The dataset directory structure is like this:

nnUNet_raw/
    ├── Dataset001_BrainTumour(Dataset<XXX>_<dataset_name>)
        ├── dataset.json
        ├── imagesTr: trainging cases image(all operations on)
            ├── la_003_0000.nii.gz
            ├── la_004_0000.nii.gz
            ├── ...
        ├── imagesTs: test cases  # optional
        └── labelsTr: images with ground truth for training cases
            ├── la_003.nii.gz
            ├── la_003.nii.gz
            ├── ...
    ├── Dataset002_Heart
    ├── Dataset003_Liver
    ├── Dataset004_Hippocampus
    ├── Dataset005_Prostate
    ├── ...

The case is just like different definition of shape, including the number of channels


#### dataset.json

* channel_name: id: name
* labels: name <-> id 
* other essential params: like the type of the file...

```
channel_names:
{
    0: 'T1',
    1: 'CT'
}
labels:
(regular)
{
    'background': 0,
    'left atrium': 1,
    'some other label': 2
}
(region based)
{
    'background': 0,
    'whole tumor': (1, 2, 3),
    'tumor core': (2, 3),
    'enhancing tumor': 3
}
```

Use [here](../nnunetv2/dataset_conversion/generate_dataset_json.py) to generate dataset.json automatically

In [30]:
# an example function for generate dataset json
from typing import Tuple
from batchgenerators.utilities.file_and_folder_operations import save_json, join

def generate_dataset_json(overwrite,
                          output_folder: str,
                          channel_names: dict,
                          labels: dict,
                          num_training_cases: int,
                          file_ending: str,
                          regions_class_order: Tuple[int, ...] = None,
                          dataset_name: str = None, reference: str = None, release: str = None, license: str = None,
                          description: str = None,
                          overwrite_image_reader_writer: str = None, **kwargs):
    json_exist = False
    if os.path.exists(os.path.join(output_folder, "dataset.json")):
        print("dataset.json already exists!")
        json_exist = True 
    if json_exist == False or overwrite == True:
        has_regions: bool = any([isinstance(i, (tuple, list)) and len(i) > 1 for i in labels.values()])
        if has_regions:
            assert regions_class_order is not None, f"You have defined regions but regions_class_order is not set. " \
                                                    f"You need that."
        # channel names need strings as keys
        # * reform the channel names dictionary to be "string": id
        # * it is the value of "channel names" in json
        keys = list(channel_names.keys())
        for k in keys:
            if not isinstance(k, str):
                channel_names[str(k)] = channel_names[k]
                del channel_names[k]

        # * reform labels as ints (values)
        for l in labels.keys():
            value = labels[l]
            if isinstance(value, (tuple, list)):
                value = tuple([int(i) for i in value])
                labels[l] = value
            else:
                labels[l] = int(labels[l])

        dataset_json = {
            'channel_names': channel_names,  # previously this was called 'modality'. I didn't like this so this is
            # channel_names now.
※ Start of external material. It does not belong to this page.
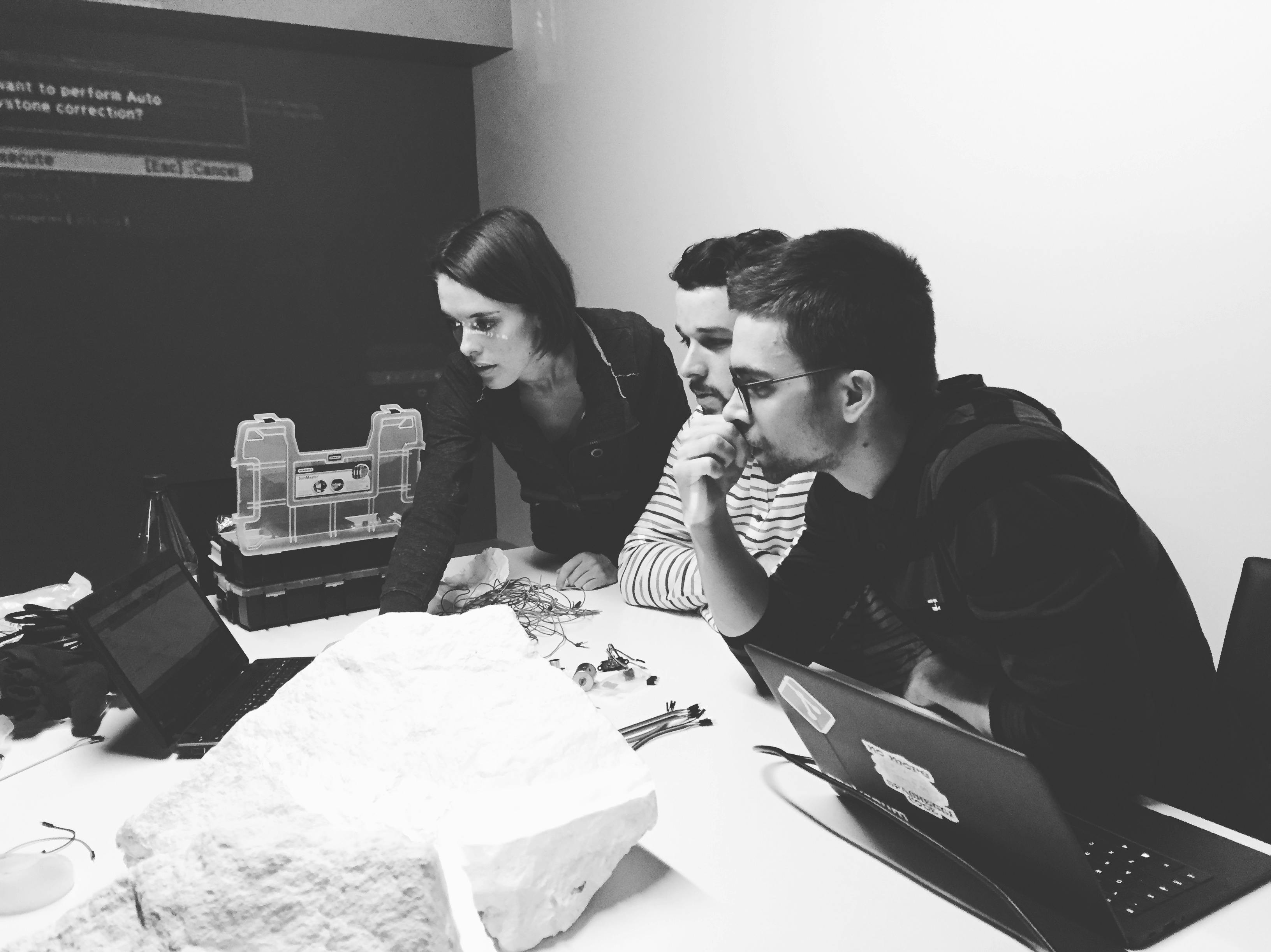 Le match était bon : Camille aime mettre en relation des phénomènes naturels avec les technologies inventées par l’humain. Avec son petit côté geek, elle partageait un langage commun avec Francis et Nicolas, développeurs attitrés au projet. Reste qu’une artiste qui débarque au bureau, ça remet en perspective notre façon de travailler.

Live with it.
            'labels': labels,
            'numTraining': num_training_cases,
            'file_ending': file_ending,
        }

        if dataset_name is not None:
            dataset_json['name'] = dataset_name
        if reference is not None:
            dataset_json['reference'] = reference
        if release is not None:
            dataset_json['release'] = release
        if license is not None:
            dataset_json['licence'] = license
        if description is not None:
            dataset_json['description'] = description
        if overwrite_image_reader_writer is not None:
            dataset_json['overwrite_image_reader_writer'] = overwrite_image_reader_writer
        if regions_class_order is not None:
            dataset_json['regions_class_order'] = regions_class_order

        dataset_json.update(kwargs)

        save_json(dataset_json, join(output_folder, 'dataset.json'), sort_keys=False)



In [15]:
# copy image from origin dataset
def copy_rename(old_dir, old_name, new_dir, new_name, delete_ori=False):
    shutil.copy(os.path.join(old_dir, old_name), new_dir)
    os.rename(os.path.join(new_dir, old_name), os.path.join(new_dir, new_name))
    if delete_ori:
        os.remove(os.path.join(old_dir, old_name))

In [52]:
# Check whether the images' name is the same as the
# requirement of nnUNet
def check_format(image_name):
    end = image_name.find(".nii.gz")
    channel_name = image_name[end - 4 : end]
    # print(channel_name)
    # To see whether the four last characters is effect
    for char in channel_name:
        if not(ord(char) >= 48 and (ord(char)) <= 57):
            # print(char, ord(char))
            return False
    return True 
def rename_for_channel(dir):
    for file_name in os.listdir(dir):
        if check_format(file_name) == False:
            new_file_name = file_name[:file_name.find(".nii.gz")] + "_0000.nii.gz"
            if os.path.exists(os.path.join(dir, new_file_name)):
                os.remove(os.path.join(dir, file_name))
            else:
                os.rename(os.path.join(dir, file_name), os.path.join(dir, new_file_name))


In [60]:

# * generate the right f
nnunum_raw_data = os.path.join(root_dir, "nnUNet_raw")
dataset_identifer = "Dataset001"
dataset_path = os.path.join(nnunum_raw_data, dataset_identifer)
train_case_path = os.path.join(dataset_path, "imagesTr")
label_case_path = os.path.join(dataset_path, "labelsTr")
test_case_path = os.path.join(dataset_path, "imagesTs")
make_if_dont_exist(dataset_path)
make_if_dont_exist(train_case_path)
make_if_dont_exist(test_case_path)
make_if_dont_exist(label_case_path)

f:\dataset\mindBoggle\nnUNet\nnUNet_raw\Dataset001 exists.
f:\dataset\mindBoggle\nnUNet\nnUNet_raw\Dataset001\imagesTr exists.
f:\dataset\mindBoggle\nnUNet\nnUNet_raw\Dataset001\imagesTs exists.
f:\dataset\mindBoggle\nnUNet\nnUNet_raw\Dataset001\labelsTr created!


In [61]:

# *if file exists in segementation and input at the same time, it is valid, add them in the train and lable dir
ground_truth_files = os.listdir(ground_truth_dir)
input_files = os.listdir(input_dir)
ground_truth_files = [file_name for file_name in ground_truth_files if file_name.endswith(".nii.gz")]
input_files = [file_name for file_name in input_files if file_name.endswith(".nii.gz")]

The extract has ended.